-- INSTRUCTIONS TO FOLLOW --
The data must be reproduced verbatim; images are to be omitted.

-- EXERCISE DATA --

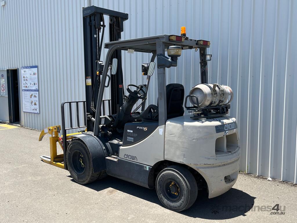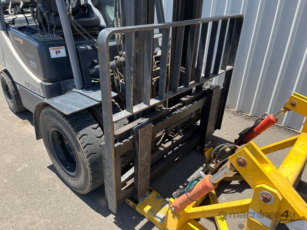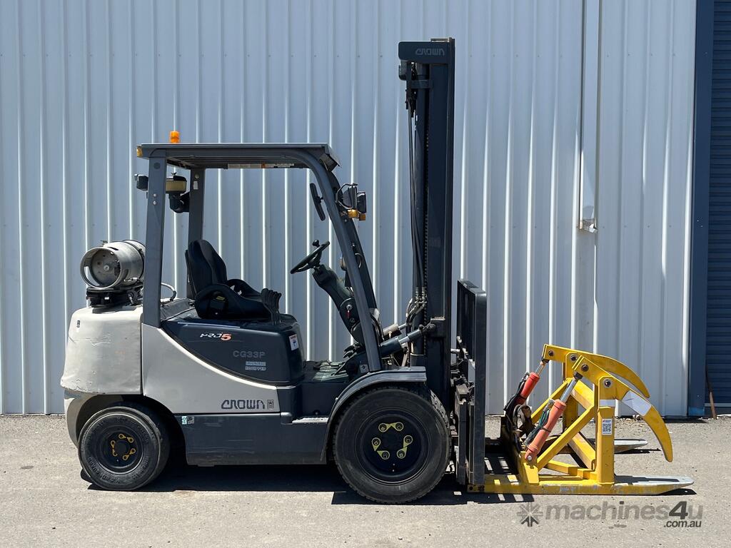 CP: CIRCA 2007,Crown,CG33P-5,Forklift,4 Cyl,LPG only,Odometer not visible,2084 (Hrs. Showing on Hour meter),Colour: Grey,Unregistered,Serial No: MT00192R,Sold with No Plates
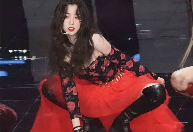 严涵欣穿着红黑色前短后长的蓬蓬裙,一字肩上衣上印满了玫瑰
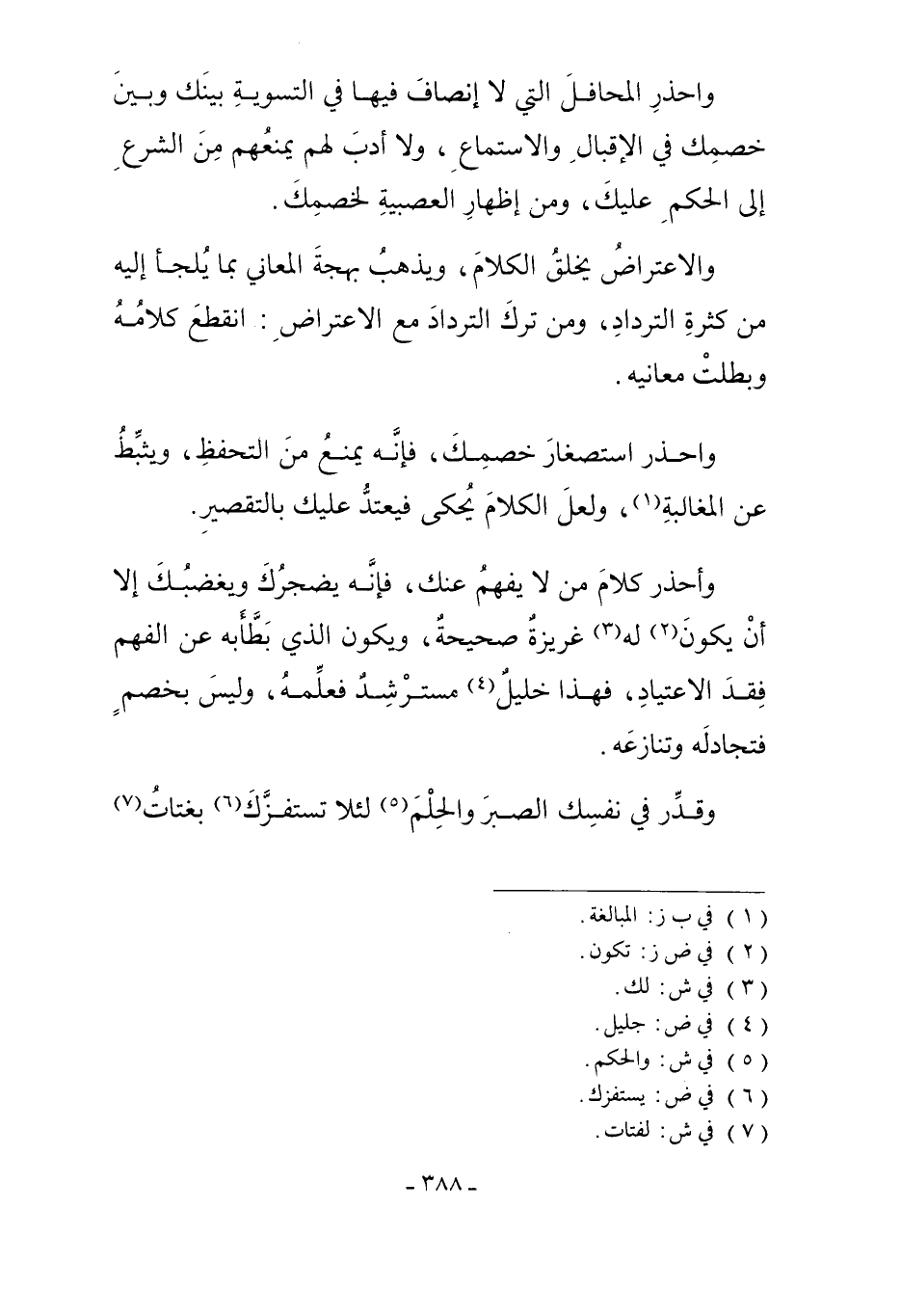 وَاحْذَرْ كَلامَ مَنْ لا يَفْهَمُ عَنْكَ، فَإِنَّهُ يُضْجِرُكَ وَيُغْضِبُكَ إلاَّ أَنْ يَكُونَ2 لَهُ3 غَرِيزَةٌ صَحِيحَةٌ، وَيَكُونَ الَّذِي بَطَّأَ بِهِ عَنْ الْفَهْمِ فَقْدُ الاعْتِيَادِ، فَهَذَا خَلِيلٌ4 مُسْتَرْشِدٌ فَعَلِّمْهُ، وَلَيْسَ بِخَصْمٍ فَتُجَادِلُهُ وَتُنَازِعُهُ.

-- OUTPUT OF THE TASK --
 CP: CIRCA 2007,Crown,CG33P-5,Forklift,4 Cyl,LPG only,Odometer not visible,2084 (Hrs. Showing on Hour meter),Colour: Grey,Unregistered,Serial No: MT00192R,Sold with No Plates
 严涵欣穿着红黑色前短后长的蓬蓬裙,一字肩上衣上印满了玫瑰
 وَاحْذَرْ كَلامَ مَنْ لا يَفْهَمُ عَنْكَ، فَإِنَّهُ يُضْجِرُكَ وَيُغْضِبُكَ إلاَّ أَنْ يَكُونَ2 لَهُ3 غَرِيزَةٌ صَحِيحَةٌ، وَيَكُونَ الَّذِي بَطَّأَ بِهِ عَنْ الْفَهْمِ فَقْدُ الاعْتِيَادِ، فَهَذَا خَلِيلٌ4 مُسْتَرْشِدٌ فَعَلِّمْهُ، وَلَيْسَ بِخَصْمٍ فَتُجَادِلُهُ وَتُنَازِعُهُ.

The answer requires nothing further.